As if on cue, our prayers were answered; police officers descended from the sky by jetpack and created a circle around us. I recognized Officers Break and Caps immediately among them and couldn’t help but smile.
“They’re going to shield us, so we can get to your Mom,” I said to Lutty. The girl looked up at them and smiled, too.
But the media were not the only ghouls waiting for me. Behind them was all of the law enforcement brass. They stood there, sullen, and a few were glaring at me. I had embarrassed them, and I knew I had made enemies for life. But so what? The bastards were going to let the little girl die because of their own arbitrary rules on what should and should not be done in the cosmos of life. It’s never okay for the bad to get off scot-free and allow an innocent to die in the ditch, in my book.
With our police escort, I could watch the law enforcement higher-ups. The rain started again, and my new enemies melted into the dark downpour, but I’d be crossing paths with them again.
Officer Break gestured to an overhead police cruiser, and the hovercar descended. “Why don’t we get away from the rain and reporters and get m
oving on the family reunion,” Officer Break said. “What do you think?” he asked Lutty.
She nodded. “I want my Mom.”
The cruiser landed, and the police pushed the pack of reporters away, who were merciless in their desperation for us to answer their questions.
“Mr. Cruz, do you think this child kidnapping case will make you the leading detective in the city?”
I could feel every employee of the Office of the City Clerk watching my response carefully, but that aside, I would not be goaded into a response.
I kept my mouth shut and climbed into the cruiser after Lutty.
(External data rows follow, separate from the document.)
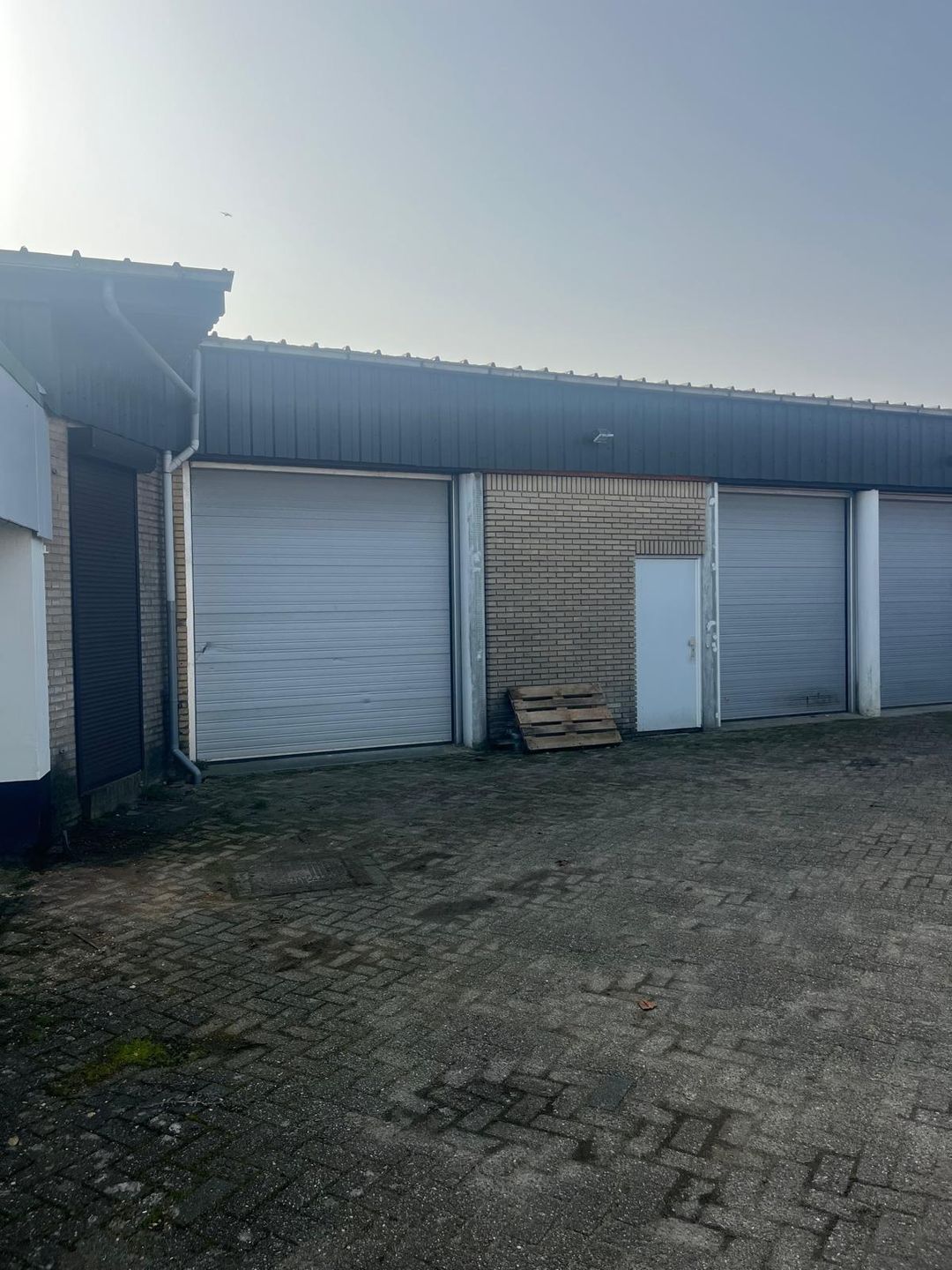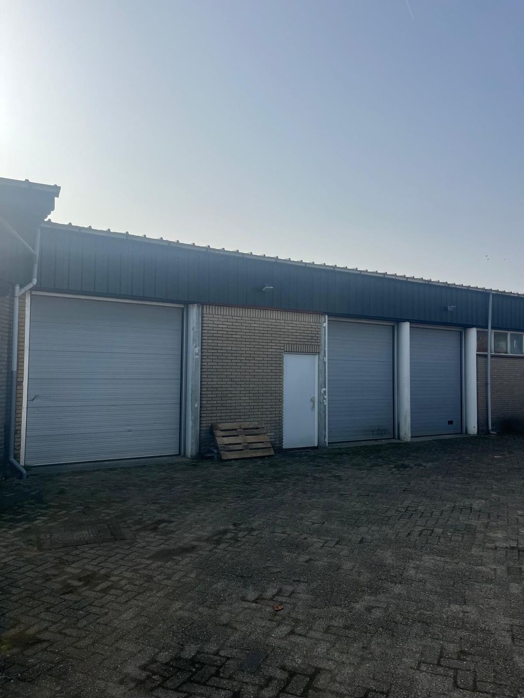Het object beschikt over een samengesteld dak en is toegankelijk via drie overheaddeuren en één separate loopdeur, wat zorgt voor een zeer praktische toegankelijkheid voor laden en lossen.
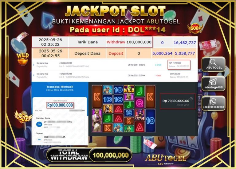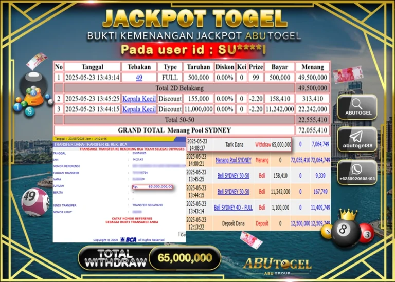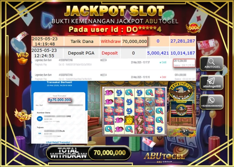 Bukti Jackpot ABUTOGEL Slot Online Jumat 23 Mei 2025 - ABUTOGEL adalah situs slot gacor maxwin terpercaya. Berikut ini kami berikan...
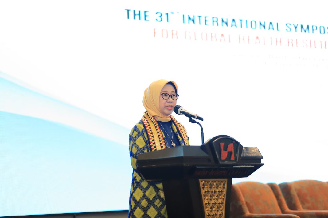 Prof. Lusi dalam sambutannya menyampaikan, tema simposium ini sangat relevan dengan perkembangan kesehatan global saat ini. Diperlukan kesadaran dan kerja sama dari berbagai pihak, baik akademisi, tenaga kesehatan, maupun masyarakat luas untuk membangun ketahanan kesehatan yang terintegrasi.
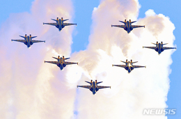 20日午前、慶尚南道泗川市の韓国空軍第3訓練飛行場で開かれた2022泗川エアショーにて、韓国空軍の特殊飛行チーム「ブラックイーグルス」が演技飛行を披露している様子。
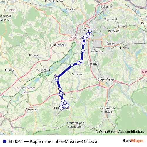 Click here to view the nearest 883641 - Kopřivnice-Příbor-Mošnov-Ostrava bus stop.
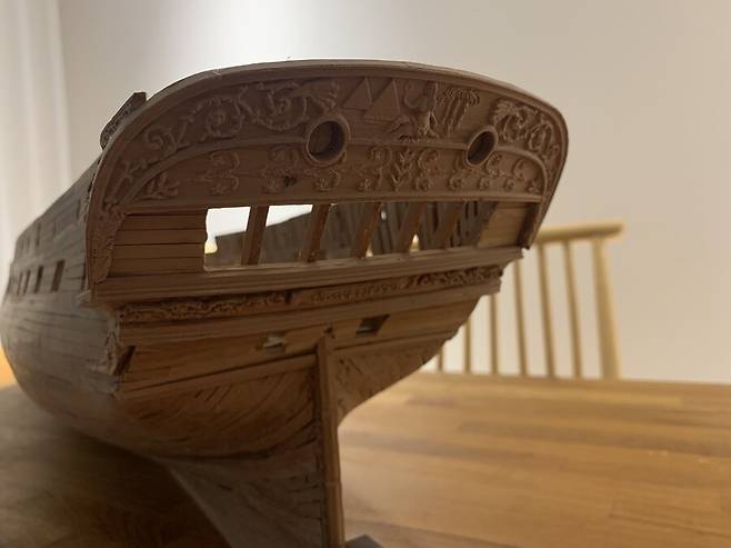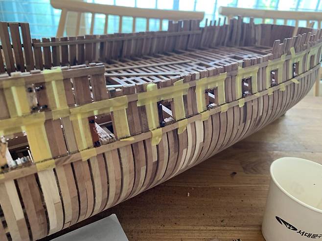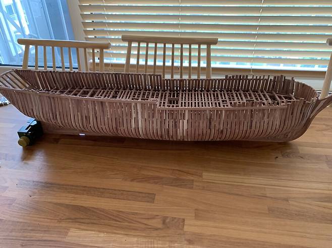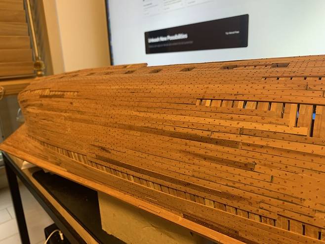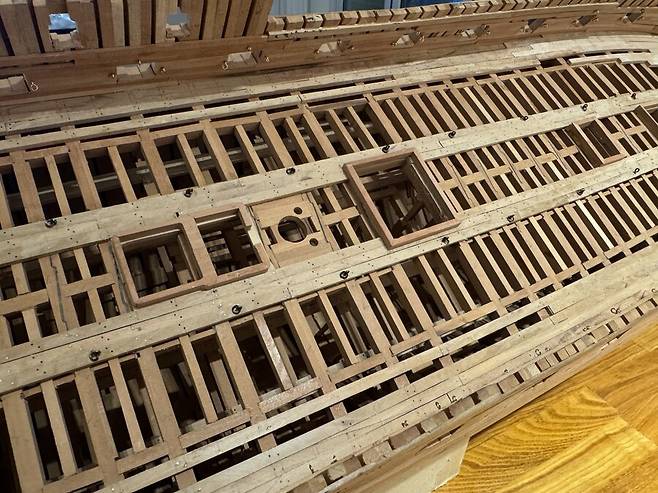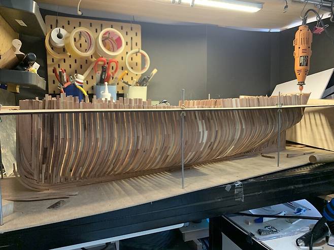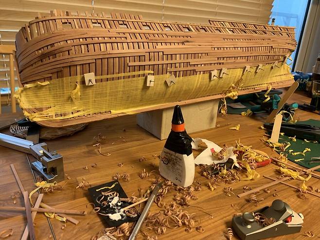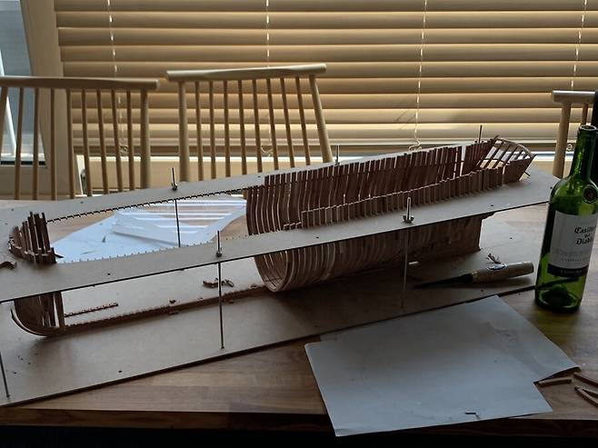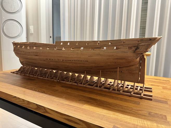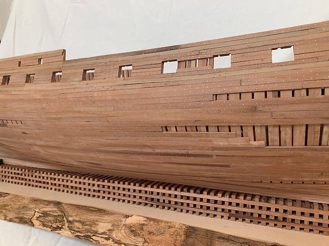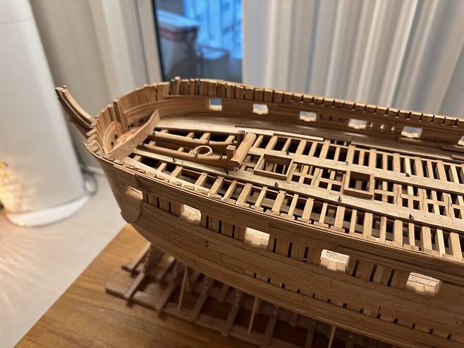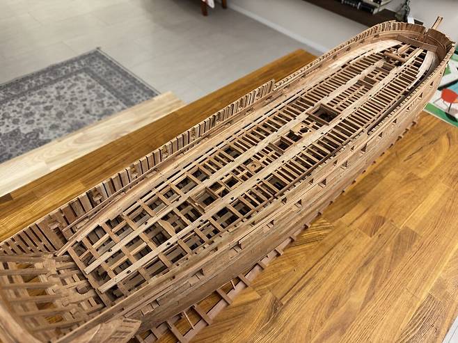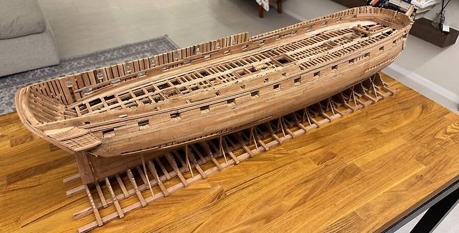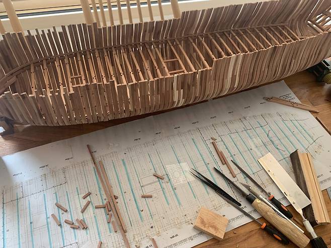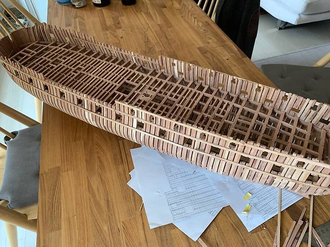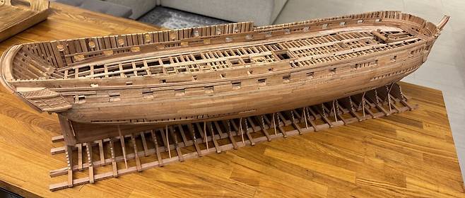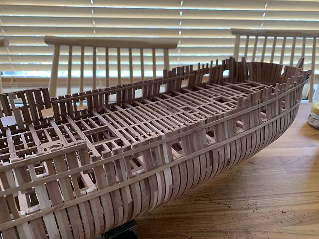 몇달이 걸렸는지 기억이 나지도 않습니다. 1번부터 75번 늑골까지 그리고 선수와 선미 모든 부품 하나하나에 애착을 가지며 만들었는데 지금보니 어떻게 했나 싶습니다. 그냥 계속 만들기를 반복 합니다.
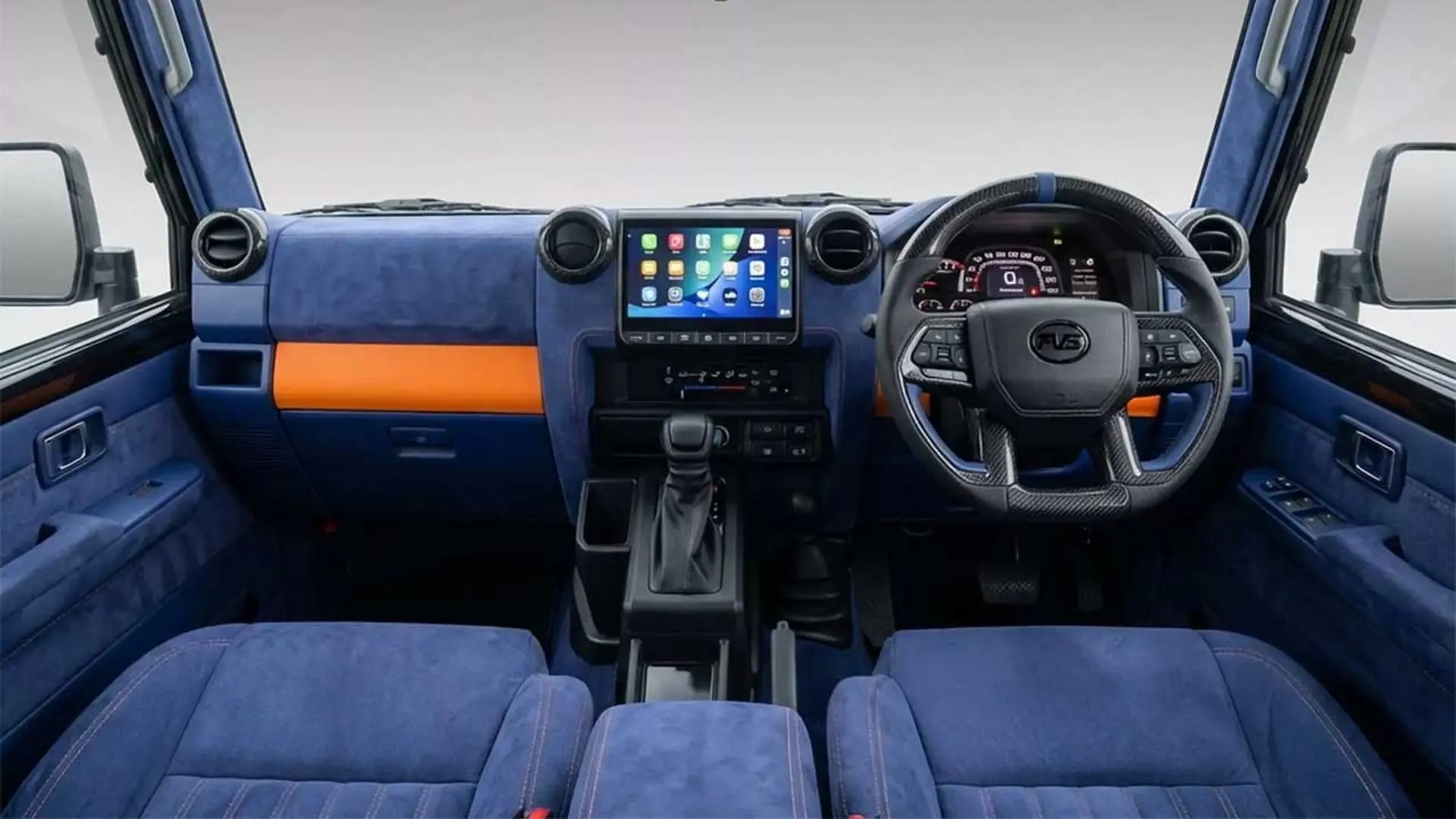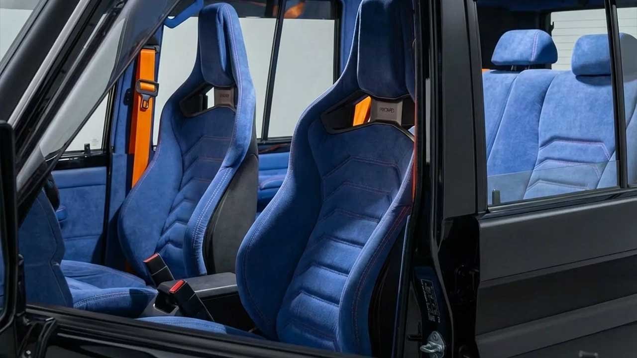 بیشترین تحول را در کابین لندکروزر میبینیم؛ جاییکه فضای ساده و کاربردی جای خود را به طراحی مفهومی داده است. پوشش آلکانترای آبی تیره، صندلیهای مسابقهای ریکارو، فرمان برگرفته از تویوتا تاندرا و نمایشگر ۹ اینچی، کابینی کاملاً متفاوت و غیرمنتظره برای لندکروزر ساختهاند.

Officer Break closed the door, and he and his partner got into the tertiary seats in the back.
Officer Caps looked at me. “Don’t get used to it,” he said. “That could, of course, mean a few things when it comes to you.”
Lutty was now looking at me funny.
“Back when I was your age, I was an intern at Metro Police. I went on ride-alongs and rode in a police cruiser a few times,” I said to her.
“Ever arrested for real?” she asked me with an askance look.
“No way. That’s for criminals.”
“Okay.” She was satisfied.
The policemen uttered none of the wisecracks that I’m sure was on the tips of their tongues.
“What about that Rabbit man?” she asked with a look of fear.
“He’s done for, and he’ll never come at you or your Mom again,” I said and leaned forward to her. “What did he think you did?”
“I ran ahead of my Mom down Alien Alley, and he thought I saw him doing something bad. But I didn’t. I didn’t see him, then he attacked us.”
“I know you didn’t see him doing anything bad. As long as you didn’t tell him what you saw, it’s all over now. No one will bother you again with it. Isn’t that right, officers?”
I leaned back and watched my Ebony and Ivory “friends” squirm in their seats.
“That’s right. No one will bother you about it ever again,” Officer Break answered reluctantly.